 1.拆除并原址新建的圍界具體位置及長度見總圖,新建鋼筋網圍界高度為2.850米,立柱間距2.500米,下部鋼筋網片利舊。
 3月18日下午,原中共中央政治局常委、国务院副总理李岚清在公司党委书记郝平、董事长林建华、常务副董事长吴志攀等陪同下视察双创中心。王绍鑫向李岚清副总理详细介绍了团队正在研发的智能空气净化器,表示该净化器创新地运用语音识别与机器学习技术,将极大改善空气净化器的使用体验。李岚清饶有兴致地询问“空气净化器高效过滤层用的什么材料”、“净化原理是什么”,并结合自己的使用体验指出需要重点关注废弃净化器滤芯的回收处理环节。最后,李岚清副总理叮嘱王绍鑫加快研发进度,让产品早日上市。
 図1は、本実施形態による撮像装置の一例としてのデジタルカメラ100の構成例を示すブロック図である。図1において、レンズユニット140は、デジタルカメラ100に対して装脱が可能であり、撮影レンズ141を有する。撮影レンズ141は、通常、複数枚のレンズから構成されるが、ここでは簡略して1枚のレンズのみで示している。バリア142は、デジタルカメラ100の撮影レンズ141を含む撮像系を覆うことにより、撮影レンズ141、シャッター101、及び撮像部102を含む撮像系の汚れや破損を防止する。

...

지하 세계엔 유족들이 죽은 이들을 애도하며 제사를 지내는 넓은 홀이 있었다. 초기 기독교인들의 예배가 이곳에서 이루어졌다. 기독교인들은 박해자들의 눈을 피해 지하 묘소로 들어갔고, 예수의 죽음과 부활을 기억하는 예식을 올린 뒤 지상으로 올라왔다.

- Exercise directions
From the records above, transcribe without alteration every line from the one with "1.拆除并原址新建的圍界具體" to the one with "3月18日下午,原中共中央政", inclusive.

- Output for this exercise
 1.拆除并原址新建的圍界具體位置及長度見總圖,新建鋼筋網圍界高度為2.850米,立柱間距2.500米,下部鋼筋網片利舊。
 3月18日下午,原中共中央政治局常委、国务院副总理李岚清在公司党委书记郝平、董事长林建华、常务副董事长吴志攀等陪同下视察双创中心。王绍鑫向李岚清副总理详细介绍了团队正在研发的智能空气净化器,表示该净化器创新地运用语音识别与机器学习技术,将极大改善空气净化器的使用体验。李岚清饶有兴致地询问“空气净化器高效过滤层用的什么材料”、“净化原理是什么”,并结合自己的使用体验指出需要重点关注废弃净化器滤芯的回收处理环节。最后,李岚清副总理叮嘱王绍鑫加快研发进度,让产品早日上市。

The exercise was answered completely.